O que a tragédia no presídio de Manaus pode nos ensinar?

presidioNos primeiros dias de 2017 a população brasileira ficou estarrecida com a tragédia ocorrida no presídio em Manaus. Dezenas de detentos foram assassinados por outros integrantes do sistema penitenciário do Estado do Amazonas. Ao contrário daquilo que acompanhamos na década de 90 no Carandiru em São Paulo, desta vez não houve a participação da Polícia Militar. A causa das mortes foi a briga entre facções rivais.

Existem alguns aspectos que merecem avaliação. Penso que os principais serão tratados neste texto. O primeiro fator refere-se à inegável força do crime organizado no interior de presídios brasileiros. A tragédia nos confirma a consolidação dessas forças paralelas que fogem ao controle da Segurança Pública da União e dos Estados. Nesse sentido, o ponto inicial da omissão do Poder Público concerne ao crescimento, organização e efetividade das facções dentro e fora do sistema penitenciário brasileiro.

Em São Paulo, a principal demonstração dessa lastimável situação se deu em maio de 2006, quando integrantes do PCC foram removidos e passaram a viver no chamado Regime Disciplinar Diferenciado (RDD). Naquele momento, policiais e servidores do sistema prisional foram atacados e muitos morreram. Além disso, ônibus foram queimados nas ruas e o caos restou instalado por algumas horas ou dias.

O segundo aspecto que merece atenção está vinculado à absoluta ineficácia do modelo de execução penal. Se avaliarmos a Lei de Execução Penal (LEP) e compararmos seus dispositivos com aquilo que efetivamente acontece nos presídios brasileiros, constataremos que pouco ou quase nada que dela consta foi implementado. As prisões brasileiras estão superlotadas, têm péssima administração e não são capazes de recuperar aqueles que ingressam no sistema penitenciário. É impossível pensar em ressocialização se essa realidade for mantida.

Nessa mesma linha, impõe-se esclarecer que o crime organizado se valeu de todas essas falhas para se consolidar. Não interessa a essas facções que o sistema penitenciário acolha dignamente os detentos. O argumento ligado à omissão do Estado é um dos mais eficazes para que os ingressantes passem a integrar as facções em troca de proteção e com alguma possibilidade de “promoção” na criminalidade.

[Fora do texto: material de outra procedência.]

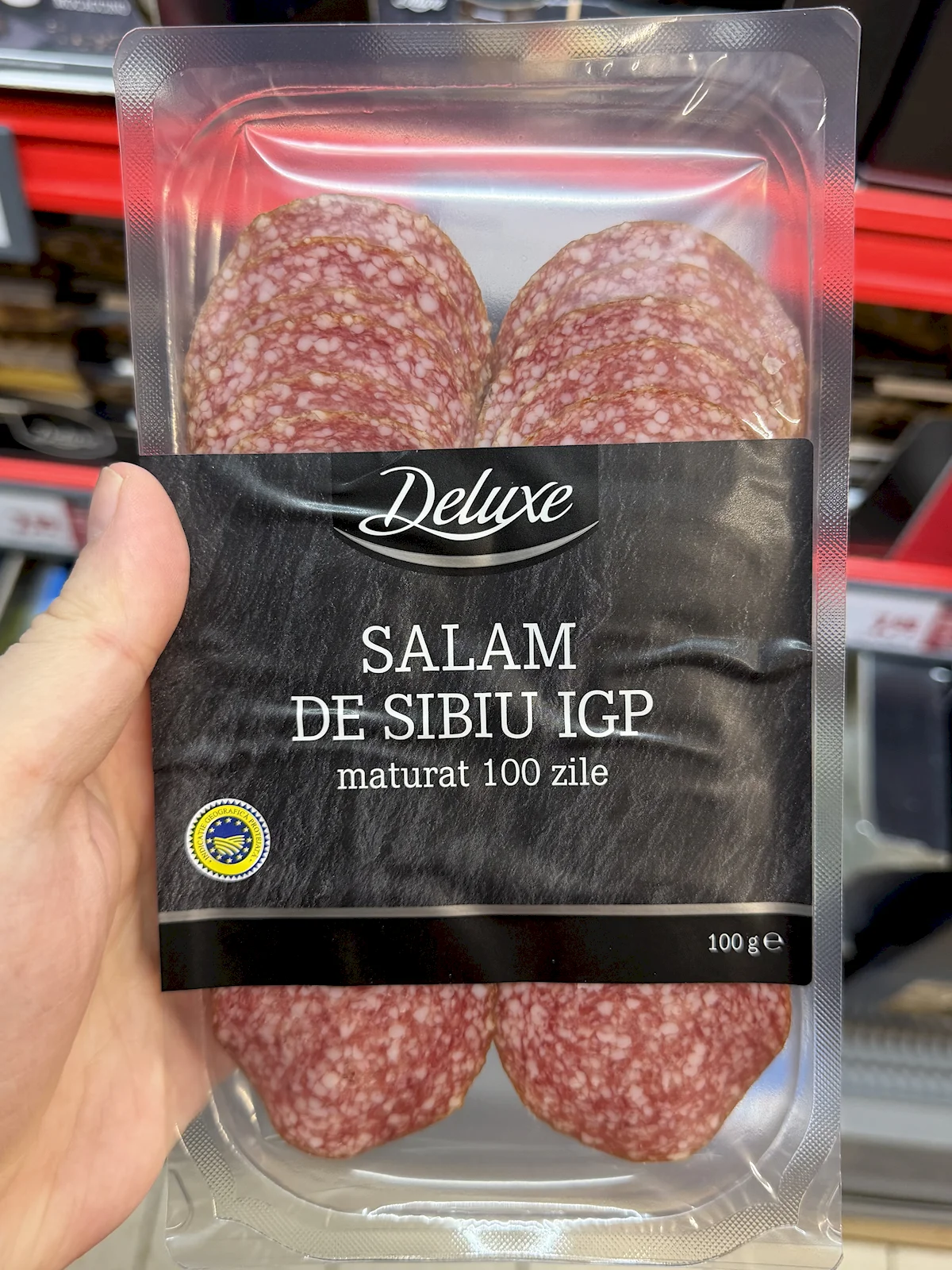 Salamul de Sibiu este foarte bun. Felia este un pic mai grosuță, ca să-i simți gustul pe un sandviș. Am descoperit recent plăcerea unui sandviș cu pâine ușor prăjită, unt, salam de sibiu și fruze de coriandru, eu fiind printre cei genetic cablați să le placă mult coriandrul.

O terceiro ponto que merece ser considerado refere-se à concessão dos serviços ligados à manutenção de presídios à iniciativa privada. Muitos afirmam que a tragédia de Manaus pode ser atribuída à adoção desse modelo. Bobagem! Nenhum concessionário recebe a titularidade do serviço público, devendo tão somente fazer as vezes do Estado em sua prestação. Os modelos de concessão mantêm o Estado como titular dos serviços concedidos e ao Estado cabe fiscalizar a execução de todos eles. Além disso, o modelo de concessão deve ser avaliado com seriedade, a fim de que o edital da licitação e o contrato administrativo firmado entre a concessionário e o Poder Público conte com todos os direitos e deveres de cada uma das partes.

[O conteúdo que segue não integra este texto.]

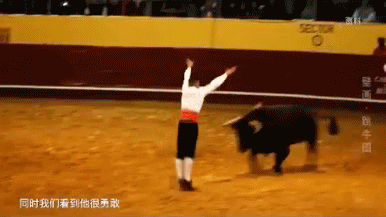 青年在牛身上翻飞
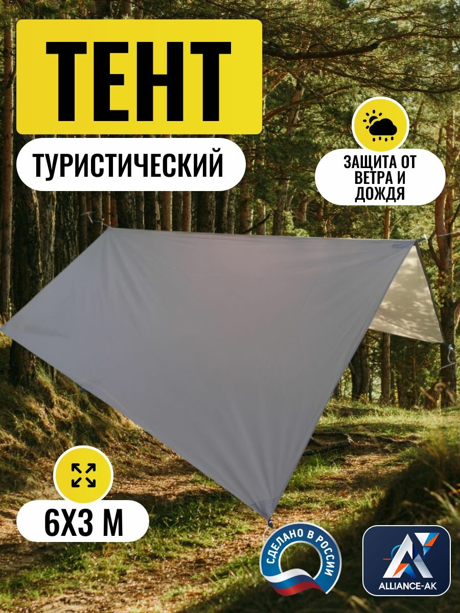 Тент туристический 6Х3м, Оксфорд 210, серый: сравнение цен, характеристики, фото, актуальное наличие и цены.
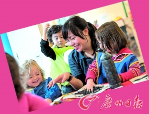 日托中心還為每位學(xué)生準(zhǔn)備了專屬于自己的英文老師與一名中文老師,基本的教學(xué)方式是“一位老師用英文和孩子玩游戲、唱歌、說話,另一位老師用中文重復(fù)”。這種二對(duì)一的教學(xué)方式獲得了不少英國(guó)父母的認(rèn)同。
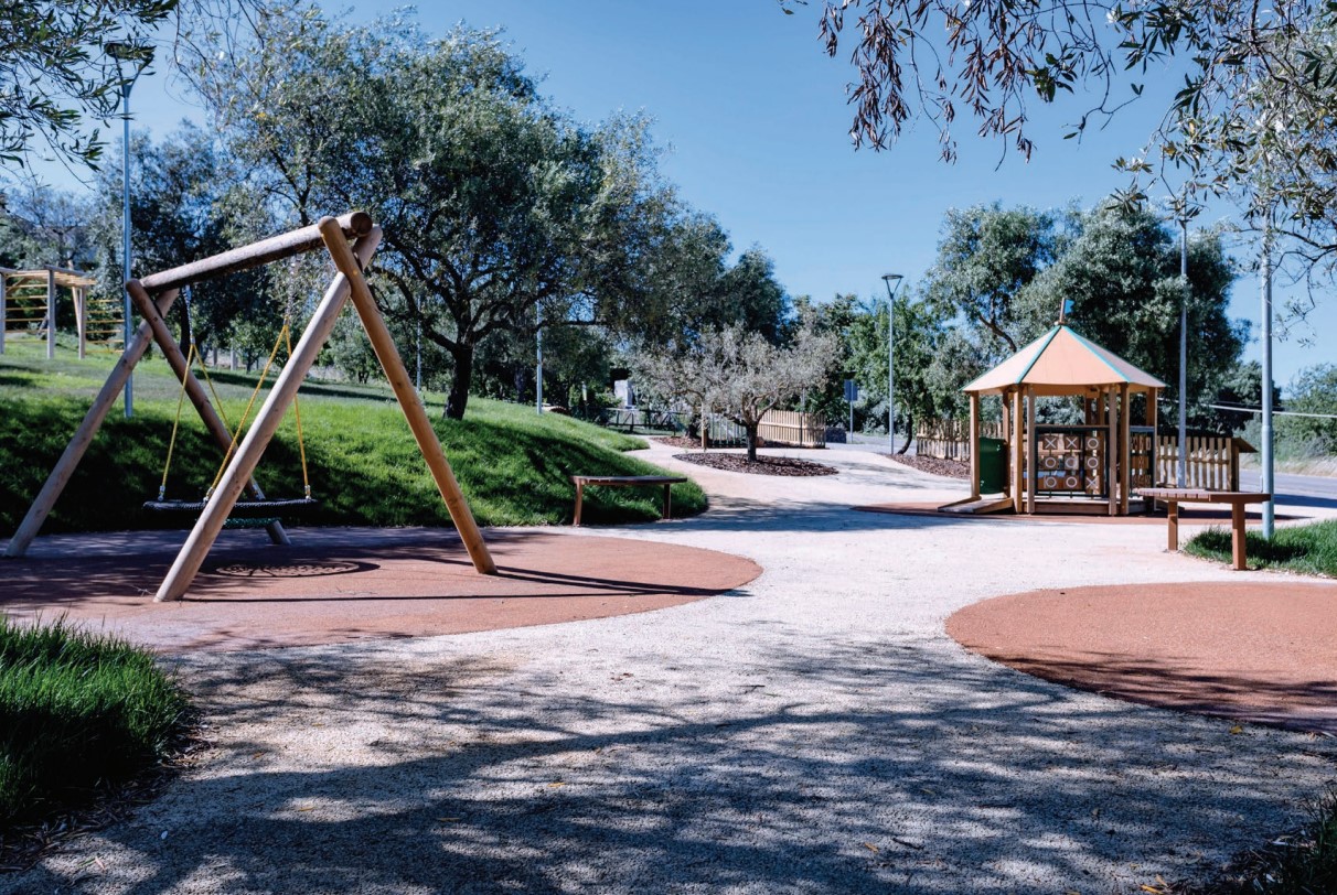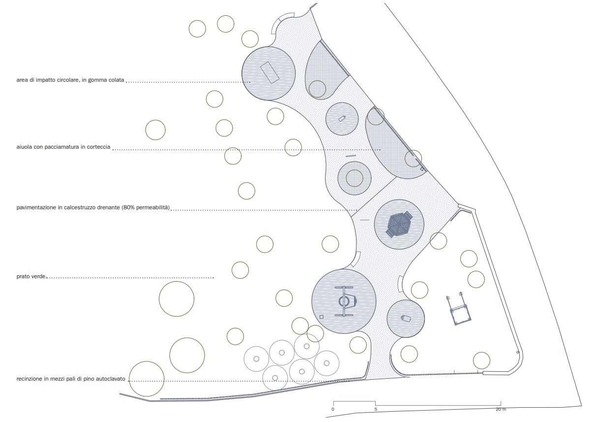 Il nuovo parco è stato pensato come un percorso omogeo e privo di ostacoli, che si snoda tra gli ulivi esistenti, i quali sono stati preservati nelle posizioni originarie.La particolare forma del parco è il risultato della duplice esigenza di preservare le preesistenze arboree e mitigare la forte pendenza esistente.Le aree pedonali sono state realizzate in calcestruzzo drenante (permeabile al 80%) e in gomma colata, per le aree di impatto dei giochi, al fine di avere una superficie omogenea priva di ostacoli.I lati del parco più esposti al traffico veicolare sono protetti da una recinzione lignea ad aria passante, realizzata in mezzi pali di legno autoclavato.

É um equívoco querer atribuir a tragédia ao modelo comentado, assim como está errado afirmar que a responsabilidade é exclusiva da concessionária. Segundo as notícias veiculadas na imprensa nacional, o ente privado informou o Governo do Estado do Amazonas a respeito da situação que se apresentava. Além disso, o Ministério da Justiça já havia elaborado relatório no qual asseverava as péssimas condições de presídios da região.

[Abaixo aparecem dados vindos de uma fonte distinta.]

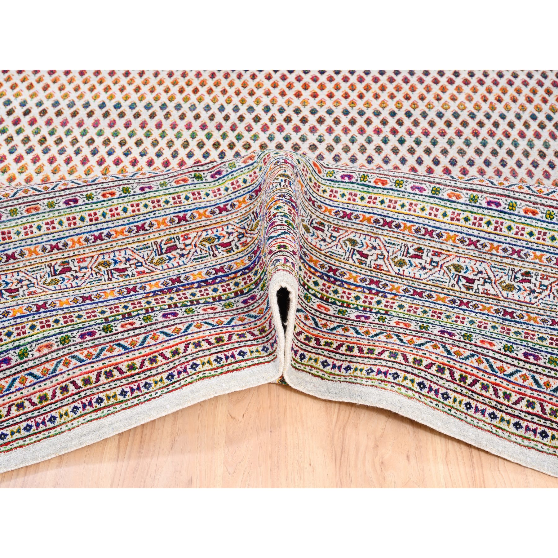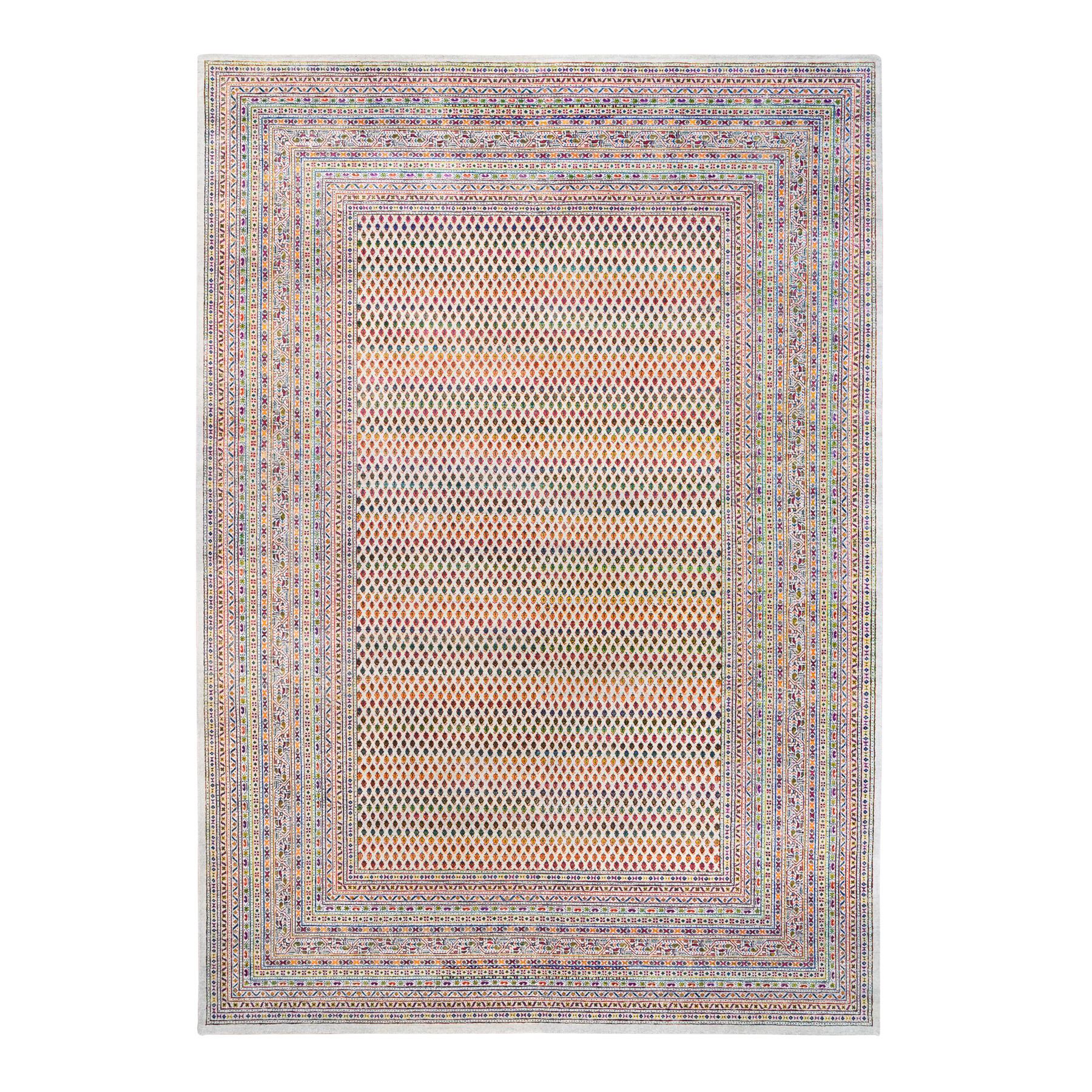 9’10″x14′ Colorful Wool And Sari Silk Sarouk Mir Inspired With Repetitive Boteh Design Hand Knotted Oriental Rug HR62309

Esse cenário nos esclarece que houve omissão do Estado do Amazonas que, informado, nada fez. Na pior das hipóteses, o governo de tal Unidade Federativa deveria ter exigido judicialmente e com base no contrato firmado com a concessionária, a correta prestação dos serviços, sob pena de colocar fim à concessão. Assim, a responsabilidade do Estado do Amazonas e da concessionária é indiscutível.

Aliás, segundo o art. 37, §6º da Constituição Federal, a responsabilidade civil do Estado e de quem lhe faça as vezes é objetiva, isto é, independe da demonstração de culpa. Logo, ambos os agentes podem ser responsabilizados no que tange à reparação dos danos causados. Outra questão diz respeito a como ficará a relação de responsabilidade entre o Estado e a concessionária.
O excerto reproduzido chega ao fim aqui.